[Supplied material]
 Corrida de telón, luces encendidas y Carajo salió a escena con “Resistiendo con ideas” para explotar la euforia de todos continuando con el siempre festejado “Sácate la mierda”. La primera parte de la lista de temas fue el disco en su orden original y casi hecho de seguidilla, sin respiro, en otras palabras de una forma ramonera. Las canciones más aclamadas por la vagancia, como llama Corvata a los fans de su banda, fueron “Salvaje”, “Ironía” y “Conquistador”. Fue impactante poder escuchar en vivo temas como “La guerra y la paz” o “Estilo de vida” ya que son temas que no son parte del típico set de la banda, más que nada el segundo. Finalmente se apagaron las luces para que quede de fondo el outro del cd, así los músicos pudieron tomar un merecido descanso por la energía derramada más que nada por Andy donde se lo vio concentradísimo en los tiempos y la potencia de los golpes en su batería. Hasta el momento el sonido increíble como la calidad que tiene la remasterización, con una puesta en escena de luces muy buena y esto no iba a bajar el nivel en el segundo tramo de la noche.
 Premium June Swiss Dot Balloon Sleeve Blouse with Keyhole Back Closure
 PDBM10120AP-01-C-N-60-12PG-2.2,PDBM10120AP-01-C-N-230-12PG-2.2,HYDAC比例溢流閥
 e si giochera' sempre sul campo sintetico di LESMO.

---

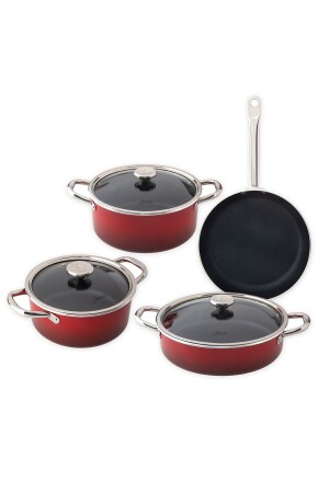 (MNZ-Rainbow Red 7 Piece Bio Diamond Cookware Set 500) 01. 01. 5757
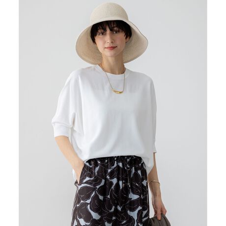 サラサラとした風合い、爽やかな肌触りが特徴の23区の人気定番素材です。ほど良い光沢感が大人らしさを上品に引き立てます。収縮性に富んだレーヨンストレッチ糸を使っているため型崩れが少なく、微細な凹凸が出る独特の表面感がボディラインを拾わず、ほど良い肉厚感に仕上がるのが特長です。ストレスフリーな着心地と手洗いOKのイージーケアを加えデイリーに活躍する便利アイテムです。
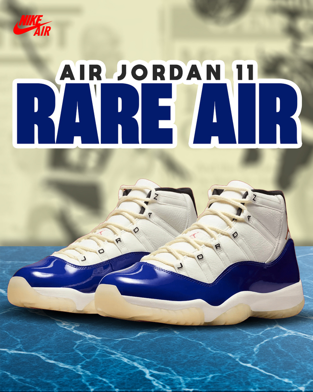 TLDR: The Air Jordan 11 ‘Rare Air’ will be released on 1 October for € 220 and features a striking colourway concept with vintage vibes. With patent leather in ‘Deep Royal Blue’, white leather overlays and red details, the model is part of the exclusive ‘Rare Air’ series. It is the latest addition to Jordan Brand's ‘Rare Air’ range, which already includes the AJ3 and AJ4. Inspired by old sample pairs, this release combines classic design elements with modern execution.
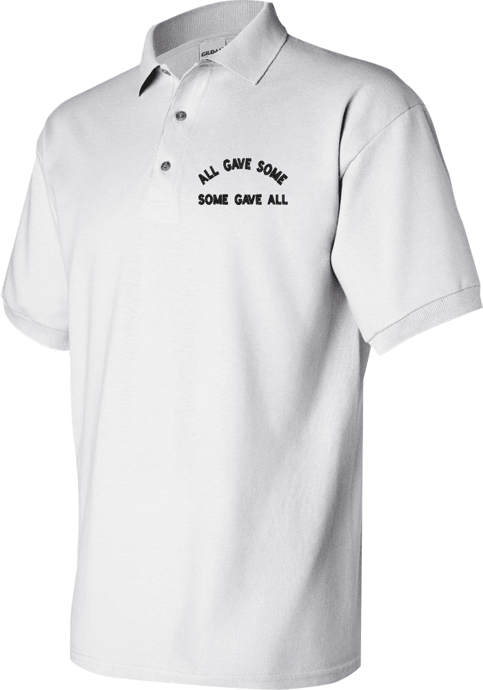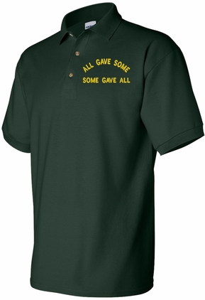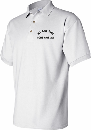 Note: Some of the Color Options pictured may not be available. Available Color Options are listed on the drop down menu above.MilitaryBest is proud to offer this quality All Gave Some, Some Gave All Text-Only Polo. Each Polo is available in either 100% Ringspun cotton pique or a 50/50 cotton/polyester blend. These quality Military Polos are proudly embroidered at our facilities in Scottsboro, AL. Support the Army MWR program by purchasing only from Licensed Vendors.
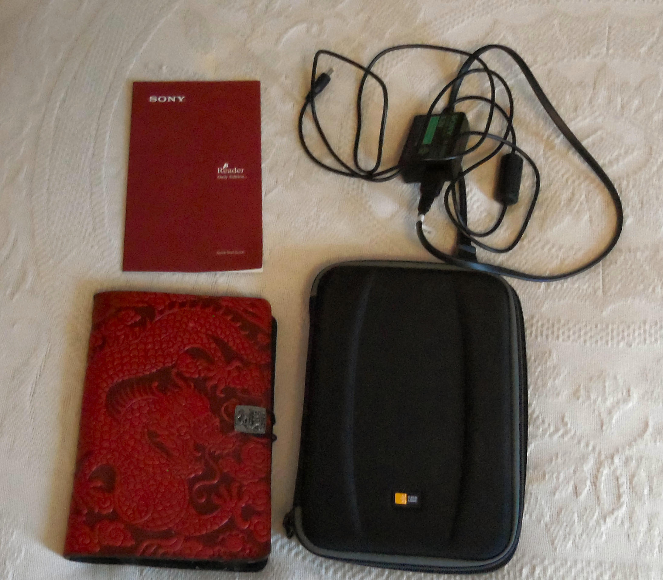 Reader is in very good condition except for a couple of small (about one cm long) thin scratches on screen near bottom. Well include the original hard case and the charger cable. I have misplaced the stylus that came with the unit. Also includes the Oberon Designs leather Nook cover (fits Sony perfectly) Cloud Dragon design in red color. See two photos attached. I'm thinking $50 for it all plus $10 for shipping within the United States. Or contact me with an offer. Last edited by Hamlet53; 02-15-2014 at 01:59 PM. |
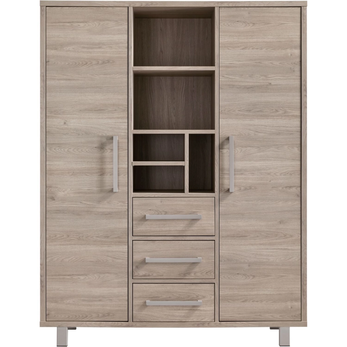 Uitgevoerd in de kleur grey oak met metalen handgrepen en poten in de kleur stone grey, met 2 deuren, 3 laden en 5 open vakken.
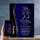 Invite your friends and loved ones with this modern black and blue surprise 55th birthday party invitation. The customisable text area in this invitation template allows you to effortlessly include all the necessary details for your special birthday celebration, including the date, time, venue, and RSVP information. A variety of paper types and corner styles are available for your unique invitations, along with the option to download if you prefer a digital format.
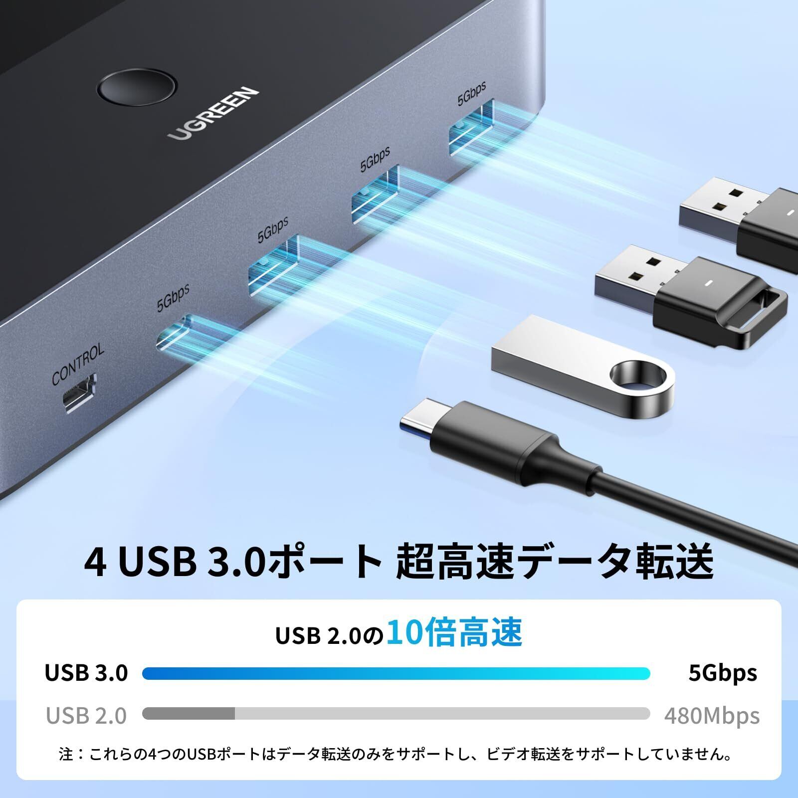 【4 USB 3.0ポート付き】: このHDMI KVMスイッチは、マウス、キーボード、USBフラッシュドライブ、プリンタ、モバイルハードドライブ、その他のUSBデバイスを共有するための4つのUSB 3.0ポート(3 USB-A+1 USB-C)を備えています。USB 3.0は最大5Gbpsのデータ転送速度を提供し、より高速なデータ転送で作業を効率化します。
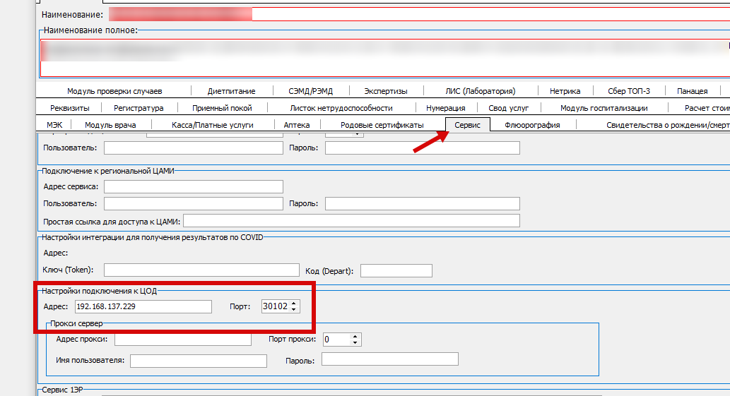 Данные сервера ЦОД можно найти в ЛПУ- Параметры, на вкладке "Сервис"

[The task]
Going back over the entries above, copy word for word every line from the one that has "Premium June Swiss" on through the one that has "e si giochera'".

[Answer to the exercise]
 Premium June Swiss Dot Balloon Sleeve Blouse with Keyhole Back Closure
 PDBM10120AP-01-C-N-60-12PG-2.2,PDBM10120AP-01-C-N-230-12PG-2.2,HYDAC比例溢流閥
 e si giochera' sempre sul campo sintetico di LESMO.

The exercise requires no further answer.